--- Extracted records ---
++++++++++++++++++++

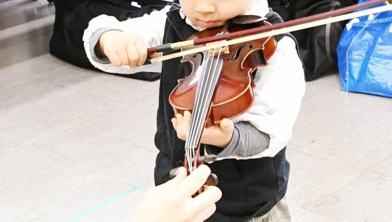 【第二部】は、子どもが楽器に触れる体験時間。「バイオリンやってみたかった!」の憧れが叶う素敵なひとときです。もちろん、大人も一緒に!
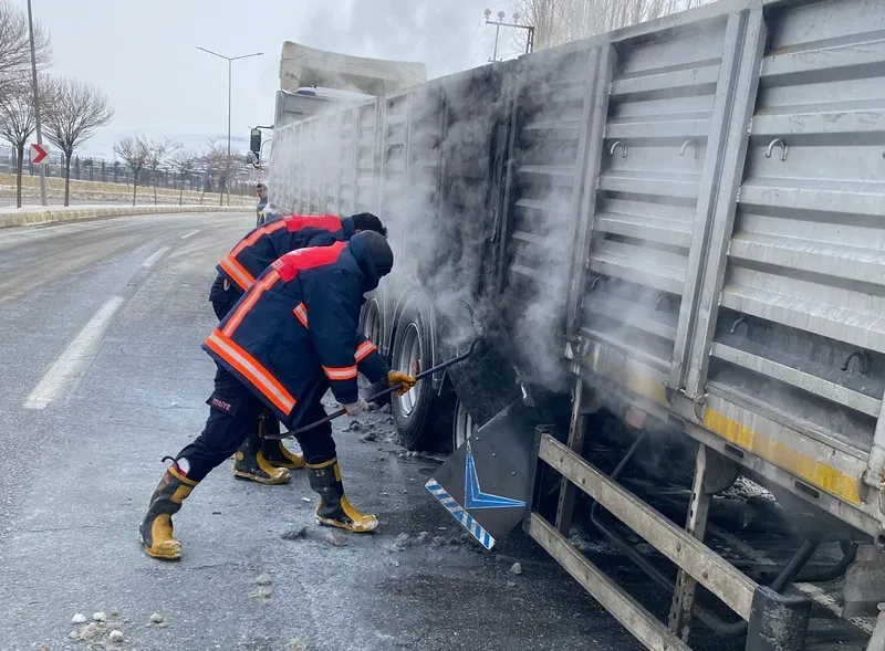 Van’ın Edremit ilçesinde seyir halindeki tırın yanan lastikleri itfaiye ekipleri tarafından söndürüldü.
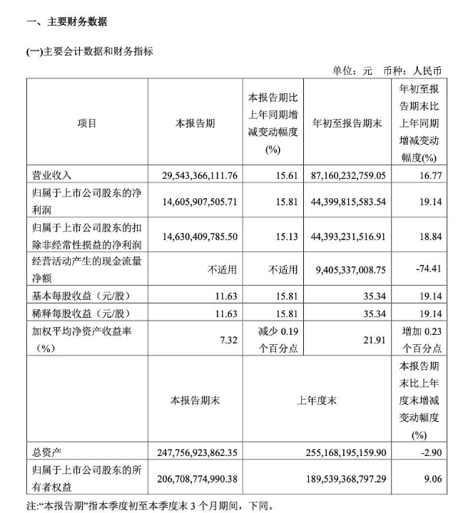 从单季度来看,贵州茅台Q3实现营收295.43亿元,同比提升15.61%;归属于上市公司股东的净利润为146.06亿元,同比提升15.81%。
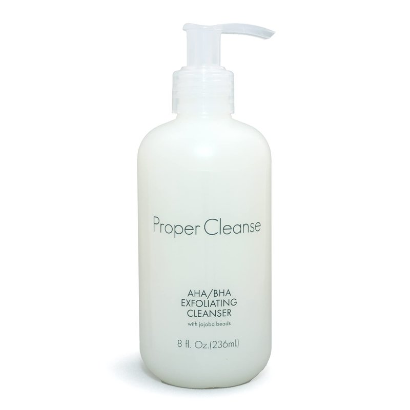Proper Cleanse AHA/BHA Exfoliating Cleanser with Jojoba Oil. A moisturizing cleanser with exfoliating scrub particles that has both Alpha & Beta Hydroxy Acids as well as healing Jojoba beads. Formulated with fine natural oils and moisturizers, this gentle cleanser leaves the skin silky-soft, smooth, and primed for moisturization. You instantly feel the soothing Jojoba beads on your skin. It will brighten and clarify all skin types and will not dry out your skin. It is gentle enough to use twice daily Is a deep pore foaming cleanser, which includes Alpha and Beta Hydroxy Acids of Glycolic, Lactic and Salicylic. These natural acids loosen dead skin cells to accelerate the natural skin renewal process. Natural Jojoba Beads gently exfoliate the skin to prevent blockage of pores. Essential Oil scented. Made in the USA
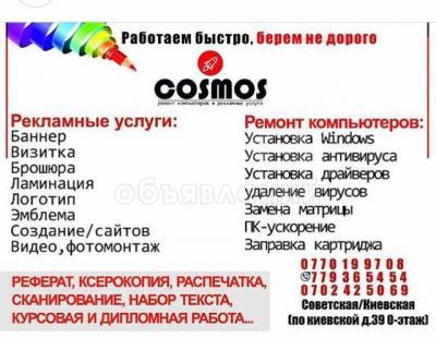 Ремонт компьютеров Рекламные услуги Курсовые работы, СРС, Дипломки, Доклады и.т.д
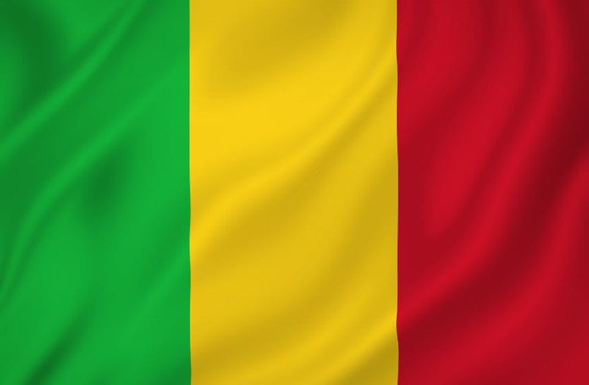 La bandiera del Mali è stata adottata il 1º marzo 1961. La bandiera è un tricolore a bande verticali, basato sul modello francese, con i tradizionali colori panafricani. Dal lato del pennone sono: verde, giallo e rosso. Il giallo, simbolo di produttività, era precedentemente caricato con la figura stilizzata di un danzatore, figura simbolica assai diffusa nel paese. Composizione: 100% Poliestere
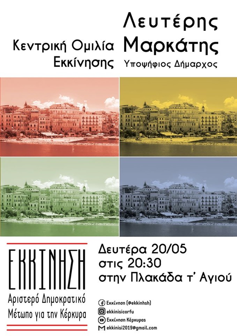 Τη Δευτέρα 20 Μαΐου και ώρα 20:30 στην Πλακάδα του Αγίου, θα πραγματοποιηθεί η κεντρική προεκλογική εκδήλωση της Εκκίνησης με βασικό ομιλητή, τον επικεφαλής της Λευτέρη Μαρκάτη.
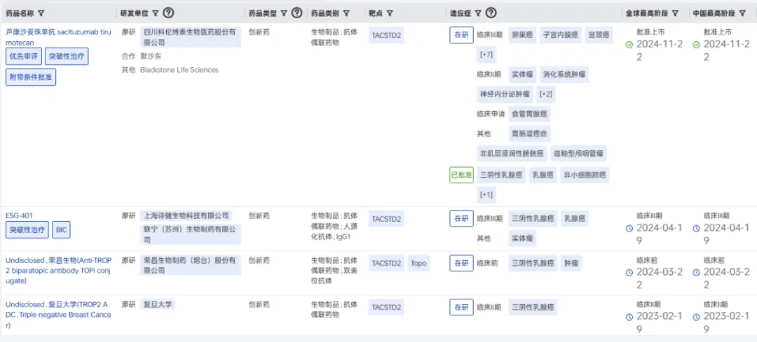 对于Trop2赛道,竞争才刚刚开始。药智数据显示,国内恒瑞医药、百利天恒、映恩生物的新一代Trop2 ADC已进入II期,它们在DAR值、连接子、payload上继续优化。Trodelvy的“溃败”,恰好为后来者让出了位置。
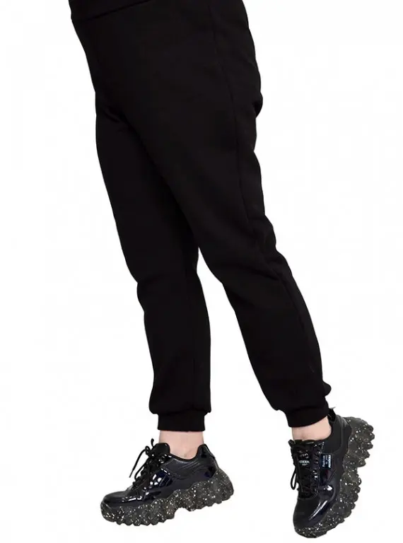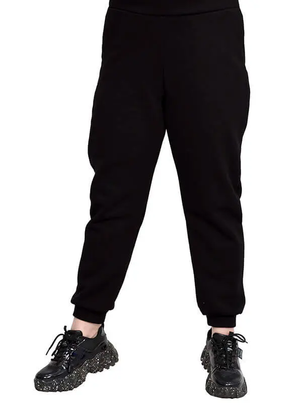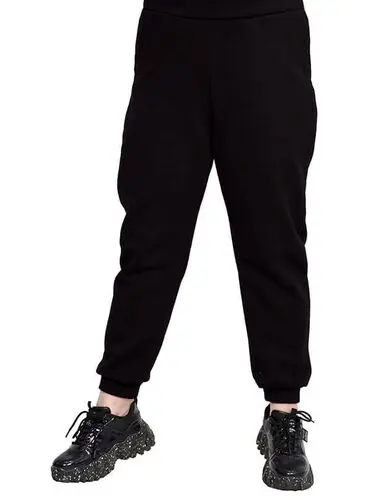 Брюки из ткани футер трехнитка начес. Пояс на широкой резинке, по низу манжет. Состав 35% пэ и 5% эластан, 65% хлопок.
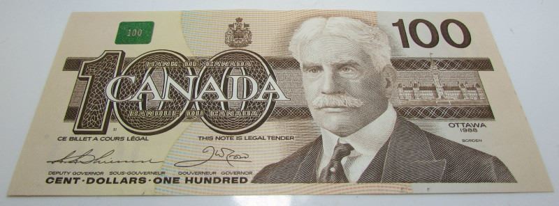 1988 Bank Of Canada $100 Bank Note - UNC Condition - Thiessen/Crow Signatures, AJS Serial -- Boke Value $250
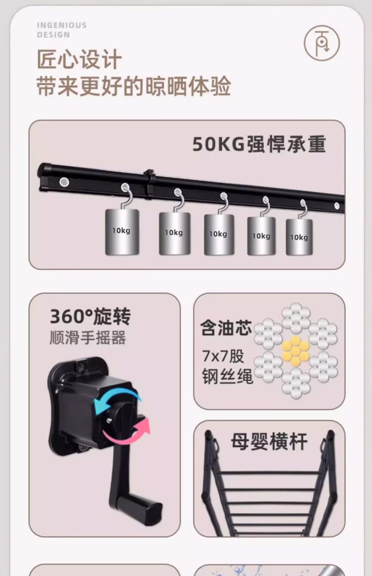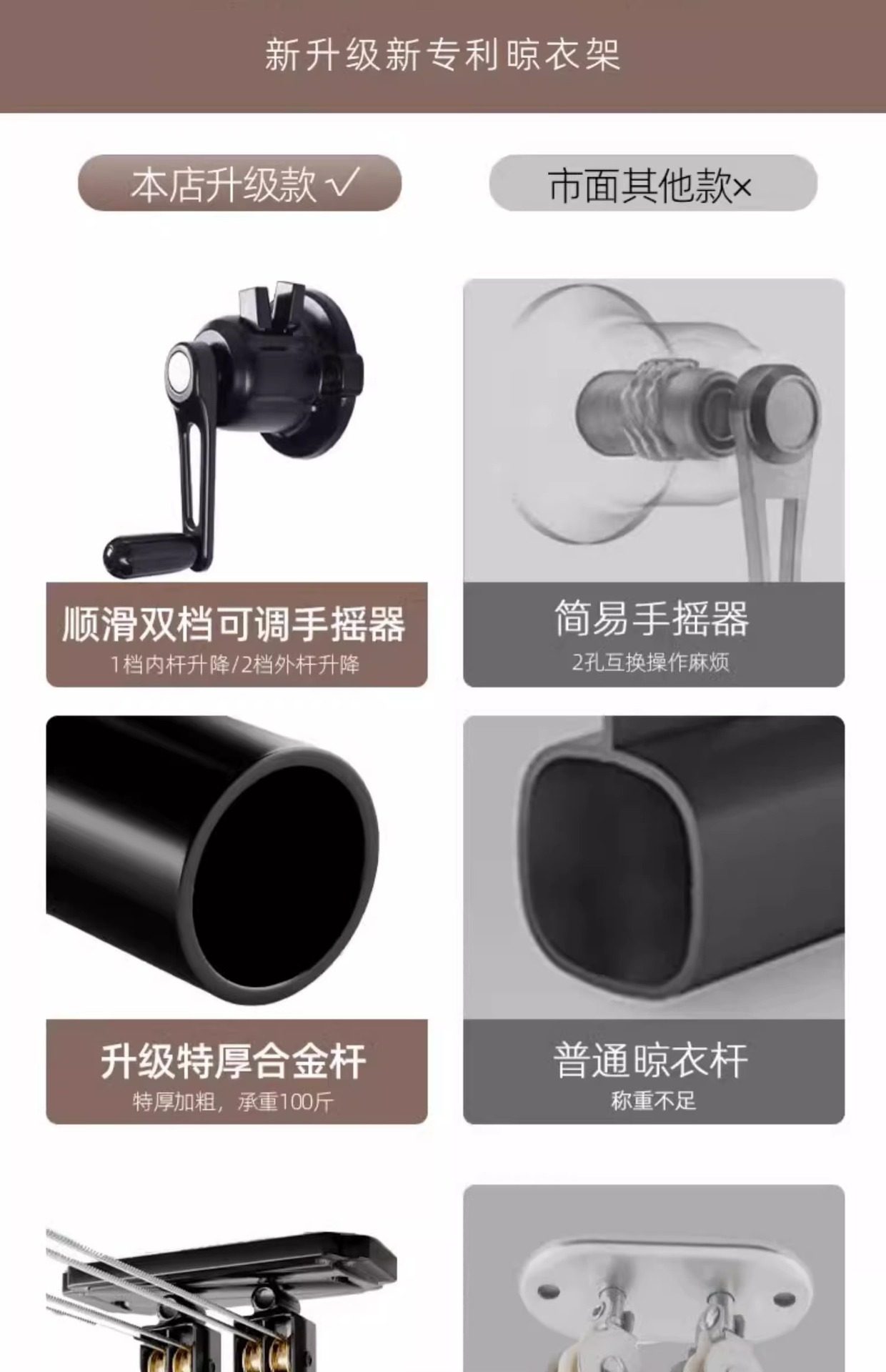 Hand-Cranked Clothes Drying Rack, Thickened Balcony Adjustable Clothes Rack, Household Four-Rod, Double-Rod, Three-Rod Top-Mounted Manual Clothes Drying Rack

++++++++++++++++++++

Only exact lines belong in the answer: those from the beginning of the entries above through the line holding "对于Trop2赛道,竞争才刚", with no pictures.

--- Task output ---
 【第二部】は、子どもが楽器に触れる体験時間。「バイオリンやってみたかった!」の憧れが叶う素敵なひとときです。もちろん、大人も一緒に!
 Van’ın Edremit ilçesinde seyir halindeki tırın yanan lastikleri itfaiye ekipleri tarafından söndürüldü.
 从单季度来看,贵州茅台Q3实现营收295.43亿元,同比提升15.61%;归属于上市公司股东的净利润为146.06亿元,同比提升15.81%。
Proper Cleanse AHA/BHA Exfoliating Cleanser with Jojoba Oil. A moisturizing cleanser with exfoliating scrub particles that has both Alpha & Beta Hydroxy Acids as well as healing Jojoba beads. Formulated with fine natural oils and moisturizers, this gentle cleanser leaves the skin silky-soft, smooth, and primed for moisturization. You instantly feel the soothing Jojoba beads on your skin. It will brighten and clarify all skin types and will not dry out your skin. It is gentle enough to use twice daily Is a deep pore foaming cleanser, which includes Alpha and Beta Hydroxy Acids of Glycolic, Lactic and Salicylic. These natural acids loosen dead skin cells to accelerate the natural skin renewal process. Natural Jojoba Beads gently exfoliate the skin to prevent blockage of pores. Essential Oil scented. Made in the USA
 Ремонт компьютеров Рекламные услуги Курсовые работы, СРС, Дипломки, Доклады и.т.д
 La bandiera del Mali è stata adottata il 1º marzo 1961. La bandiera è un tricolore a bande verticali, basato sul modello francese, con i tradizionali colori panafricani. Dal lato del pennone sono: verde, giallo e rosso. Il giallo, simbolo di produttività, era precedentemente caricato con la figura stilizzata di un danzatore, figura simbolica assai diffusa nel paese. Composizione: 100% Poliestere
 Τη Δευτέρα 20 Μαΐου και ώρα 20:30 στην Πλακάδα του Αγίου, θα πραγματοποιηθεί η κεντρική προεκλογική εκδήλωση της Εκκίνησης με βασικό ομιλητή, τον επικεφαλής της Λευτέρη Μαρκάτη.
 对于Trop2赛道,竞争才刚刚开始。药智数据显示,国内恒瑞医药、百利天恒、映恩生物的新一代Trop2 ADC已进入II期,它们在DAR值、连接子、payload上继续优化。Trodelvy的“溃败”,恰好为后来者让出了位置。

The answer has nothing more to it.